Fix: Reinitialize gRPC channel on UNAVAILABLE error (Fixes #4517) (Fixes #4529)
Description
This PR fixes issue #4517 where the OTLP gRPC exporter fails to reconnect to the collector after a restart (returning UNAVAILABLE).
Changes:
- Detected
StatusCode.UNAVAILABLEin the export loop. - Added logic to close the existing channel and re-initialize it before retrying.
- Added a regression test test_unavailable_reconnects to verify the reconnection behavior.
Fixes #4517
Type of change
- [x] Bug fix (non-breaking change which fixes an issue)
How Has This Been Tested?
I added a new regression test case test_unavailable_reconnects in exporter/opentelemetry-exporter-otlp-proto-grpc/tests/test_otlp_exporter_mixin.py.
- [x] test_unavailable_reconnects: Verifies that the exporter closes and re-initializes the gRPC channel when the server returns
StatusCode.UNAVAILABLE.
Does This PR Require a Contrib Repo Change?
- [x] No.
Checklist:
- [x] Followed the style guidelines of this project
- [ ] Changelogs have been updated
- [x] Unit tests have been added
- [ ] Documentation has been updated
The committers listed above are authorized under a signed CLA.
- :white_check_mark: login: dheeraj-vanamala / name: Dheeraj Vanamala (2c848f44662785ce7c41216150c84f8df3433e63, 31594a3c25ebdfe73752f23303b234240dbf36c5, 436ecc98da12c702dc9579a3792b9e601b32f528, 8b397a775fb6dfced456d2ef6599eff79dc751c9)
I understand this issue is related to the upstream gRPC bug (grpc/grpc#38290).
I've analyzed that issue in depth, and the root cause appears to be a regression in the gRPC 'backup poller' (introduced in grpcio>=1.68.0) which fails to recover connections when the primary EventEngine is disabled (common in Python for fork safety).

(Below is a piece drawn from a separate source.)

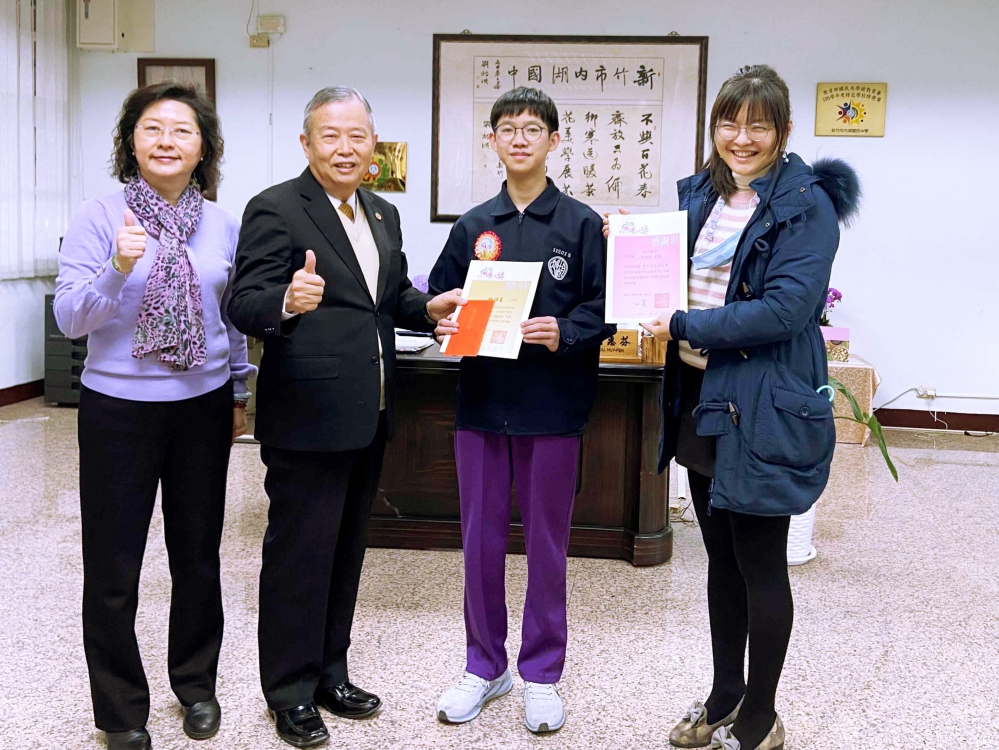 ▲普仁新竹區會長高傳鑑(左2)到內湖國中,在學校師長陪同下,頒獎給得獎小太陽楊順星(右2)。(圖/靈鷲山佛教教團提供)
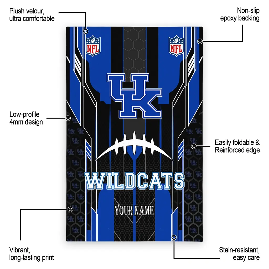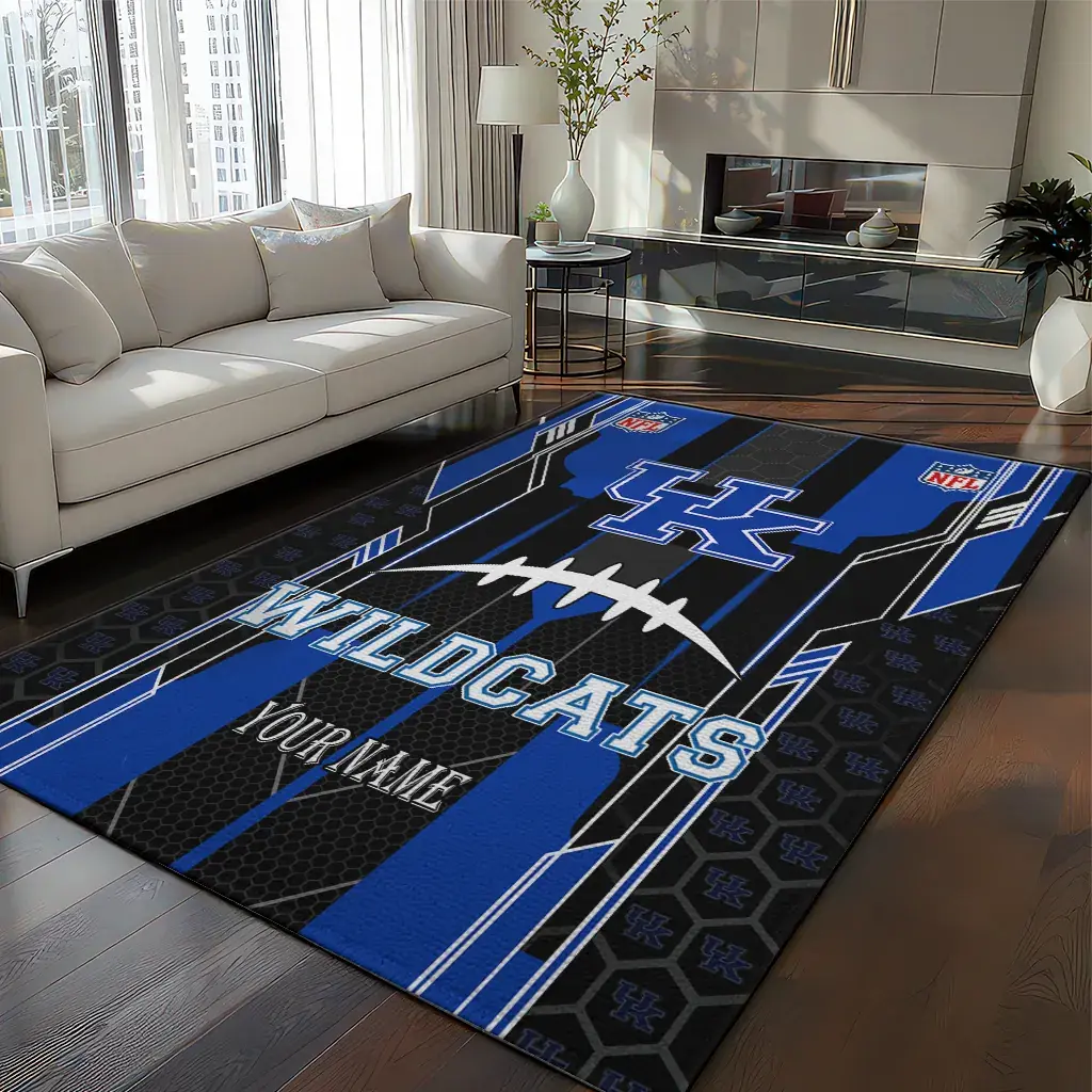 Hit a home run with your favorite team by displaying the Kentucky Wildcats Rug – Customized Football Laces Blue from MLB Fan Zone. Featuring a bold team design and crafted with plush velour, this durable sports rug offers ultimate comfort for your home or game-day fan cave. With a quality non-slip grip and stay-flat design, it’s the perfect accessory for any die-hard fan ready to rep their team from the living room to the clubhouse.

While upstream fixes are being explored (e.g., grpc/grpc#38480), the issue has persisted for months, leaving exporters stuck in an UNAVAILABLE state indefinitely after collector restarts.
This PR implements a robust mitigation: detecting the persistent UNAVAILABLE state and forcing a channel re-initialization. This effectively resets the underlying poller state, allowing the exporter to recover immediately without requiring a full application restart. This approach provides stability for users while the complex upstream fix is finalized.